▸ **Goal of the exercise**: Given these entries, repeat exactly the lines starting with the one that has "탈세제보 및 차명계좌" and going on through the one that has "Модель мотоцикла литая из сплава 1:18 KTM450", both included, but none of the pictures.

▸ **Records for this exercise**:
━━━━

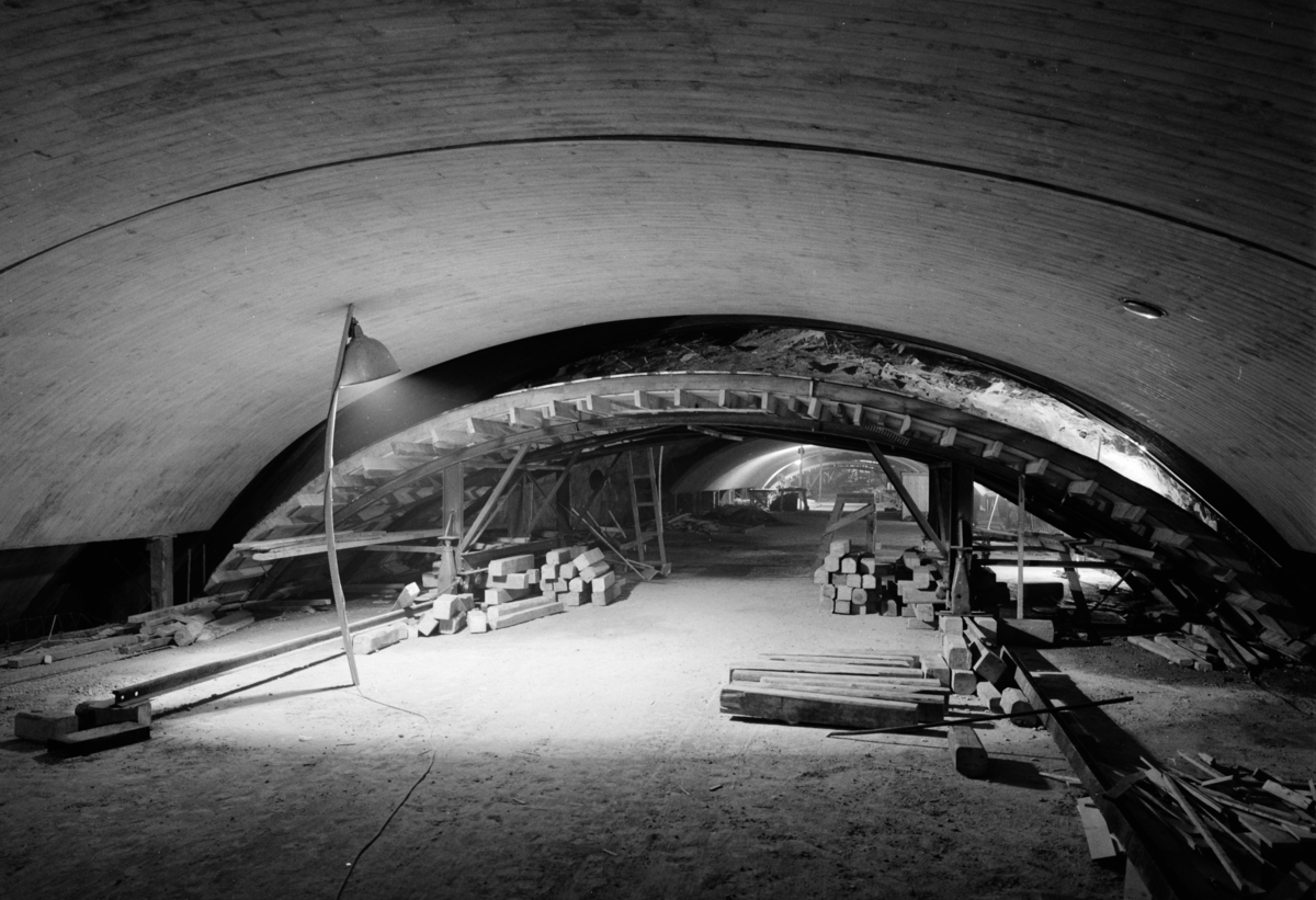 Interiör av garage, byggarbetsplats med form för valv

━━━━

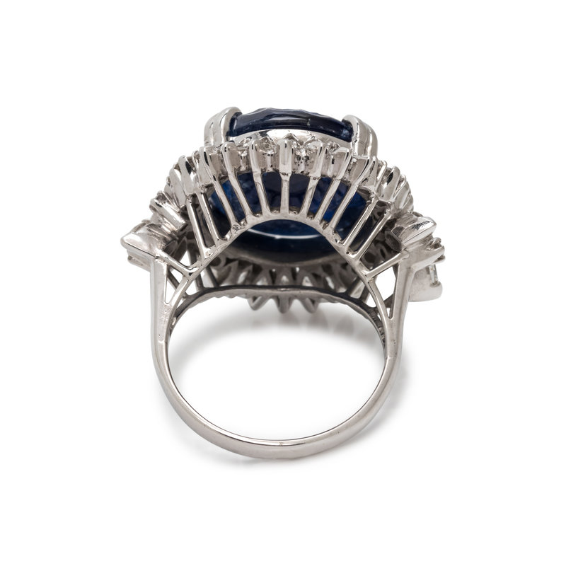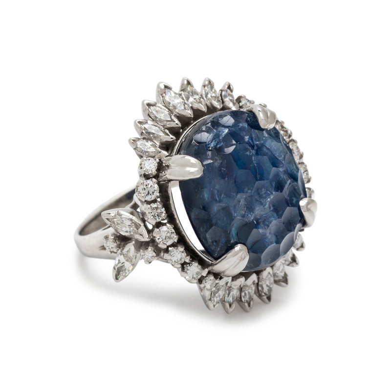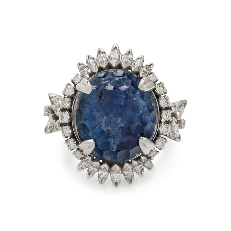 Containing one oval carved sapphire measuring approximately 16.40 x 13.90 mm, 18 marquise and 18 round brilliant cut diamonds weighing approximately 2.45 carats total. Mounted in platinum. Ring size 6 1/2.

━━━━

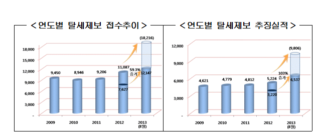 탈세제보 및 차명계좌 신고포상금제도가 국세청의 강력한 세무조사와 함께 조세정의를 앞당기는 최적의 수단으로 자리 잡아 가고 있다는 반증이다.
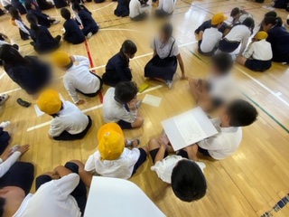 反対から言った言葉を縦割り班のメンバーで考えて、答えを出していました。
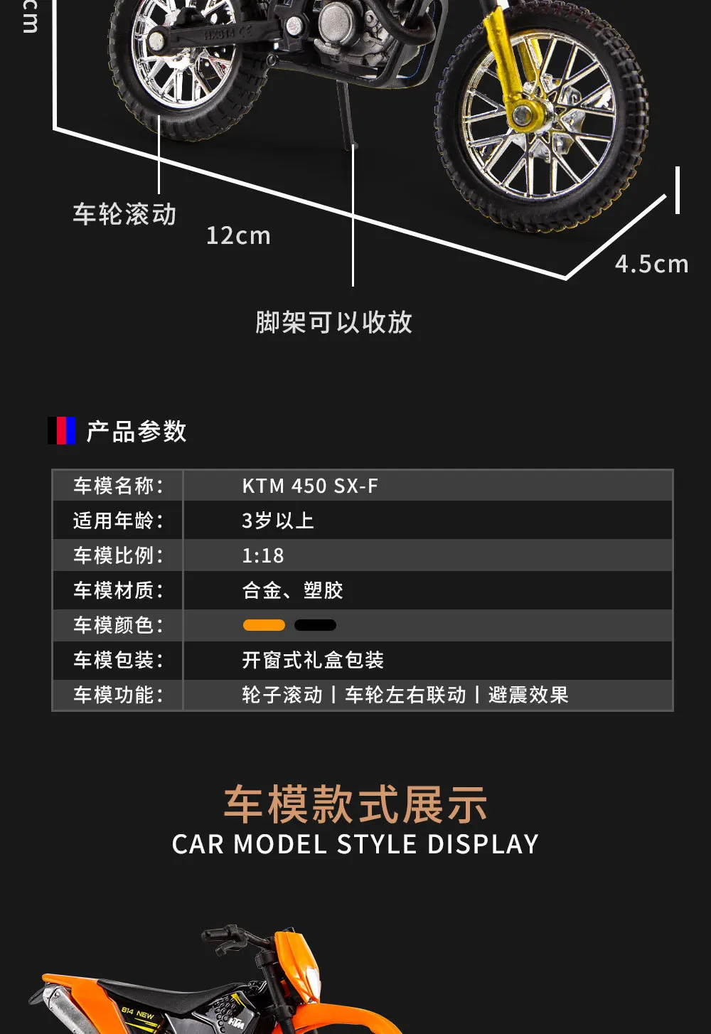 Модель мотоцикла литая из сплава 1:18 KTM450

━━━━

▸ **Completed task**:
 탈세제보 및 차명계좌 신고포상금제도가 국세청의 강력한 세무조사와 함께 조세정의를 앞당기는 최적의 수단으로 자리 잡아 가고 있다는 반증이다.
 反対から言った言葉を縦割り班のメンバーで考えて、答えを出していました。
 Модель мотоцикла литая из сплава 1:18 KTM450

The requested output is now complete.